Appel du pays au Pays : Parlons du Sénégal!


Appel du pays au Pays : Parlons du Sénégal!
Il nous faut très lucidement le constater et le dire sans ambages : notre pays, le Sénégal, peine toujours à trouver une trajectoire ascendante, rectiligne et constante.
Notre Peuple aura, semble-t-il, tout essayé depuis notre accession à la souveraineté internationale il y a cinquante-quatre ans : Quarante années de socialisme africain, douze années de libéralisme travailliste, et deux ans d’une seconde alternance, qui n’a pas encore défini sa nature, mais dont les principaux animateurs sortent de l’école libérale sénégalaise.

En dépit de l’activisme débordant de la classe politique de notre pays, et de l’habileté des quelques leaders qui l’animent depuis des dizaines d’années, le Sénégal n’a pas encore trouvé une locomotive puissante capable de le tirer vers les ambitions supérieures qu’autorise la qualité de ses ressources humaines. La pollution croissante du débat public, investi par certains acteurs qui confondent logomachie et discours politique, invectives et débats, contribue à décourager la majorité des sénégalais dont le désintérêt progressif pour l’activité politicienne est attestée par les forts taux d’abstention notés lors des différents scrutins.

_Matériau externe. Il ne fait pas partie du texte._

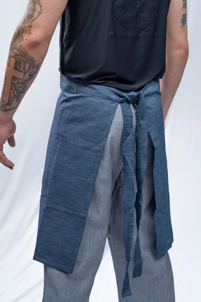 Avental saia básico em tecido jeans leve. Bolso largo frente. Sua logomarca incluso. Faça seu orçamento.
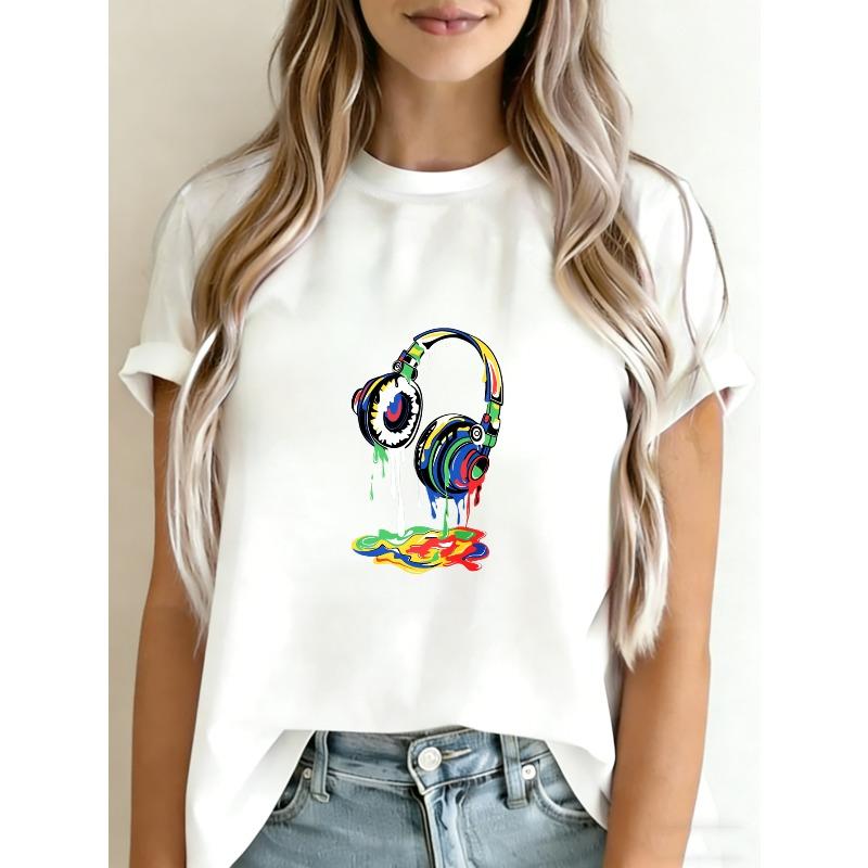 White T Shirt With Colorful Headphones Drip Design For Music Lovers Casual Wear

Cette tendance est lourde de dangers. En effet, lorsque les citoyens perdent confiance, tournant le dos aux acteurs et aux mécanismes d’accès et de transmission du Pouvoir par les voies démocratiques, la porte est ouverte à toutes les aventures… Il est donc largement temps de s’interroger, en profondeur, puis de faire preuve d’imagination, de courage et surtout de générosité pour conjurer la montée des périls et restaurer une certaine Dignité à l’action politique.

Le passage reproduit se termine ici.